The puppet used for this is quite elegant and believable, its tentacles given life by cel animation and its body gracefully belying its enormity, truly a one-of-a-kind member of the Toho bestiary. But even that one moment of interest just isn't worth enduring the entire film. The attempted blend of city-destroying monster epic and jewel heist movie simply doesn't work, and the finished product can't have done well at the box office, not even in its country of origin.

And now this unholy mess is available on DVD.

Why?!!!? Even us giant monster diehards fucking hate this movie and wouldn't buy it, so who are they expecting to shell out even a nickel on this sorry black hole of entertainment? I was suckered by not having seen the film in over thirty years and hoped that I'd appreciate it as a grownup, but that was obviously not the case and I fear that other monster movie nostalgists may suffer in exactly the same way.

Bottom line: it takes a lot for me to flat-out pan a giant monster movie because even in the most pedestrian entries in the genre there's a slight chance that you might see something cool, but other than the maybe two minutes previously noted, and the presence of Akiko Wakabayashi — a sultry babe who in three years would go on to fuck 007 in YOU ONLY LIVE TWICE — DOGORA is (to steal a line from the infinitely superior TOP SECRET) as worthless as a truckload of dead rats in a tampon factory.

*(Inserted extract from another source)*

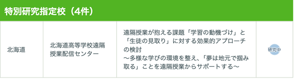 本センターでは、本実践研究助成に3年連続応募し、助成先として認定されました。今年度から2年間は研究主題を『遠隔授業が抱える課題「学習の動機づけ」と「生徒の見取り」に対する効果的アプローチの検討~多様な学びの環境を整え、「夢は地元で掴み取る」ことを遠隔授業からサポートする~』と設定し、遠隔授業において生徒の自己調整学習能力を高める方法について、研究と実践を進めていきます。

If you never listen to me regarding any other film, TRUST YER BUNCHE on this one!!!

ROCK 'N' ROLL HIGH SCHOOL (1979)

Since the rock 'n' roll era dawned, each decade has experienced a youth-oriented motion picture that defined the zeitgeist of that generation; the 1950's had JAILHOUSE ROCK (1957),

the Sixties had A HARD DAY'S NIGHT (1964),

the Eighties got PURPLE RAIN (1984),

and the Nineties got COOL AS ICE (1991),

a stark cinematic statement that foreshadowed just how much the last decade of the twentieth century would bite the big one.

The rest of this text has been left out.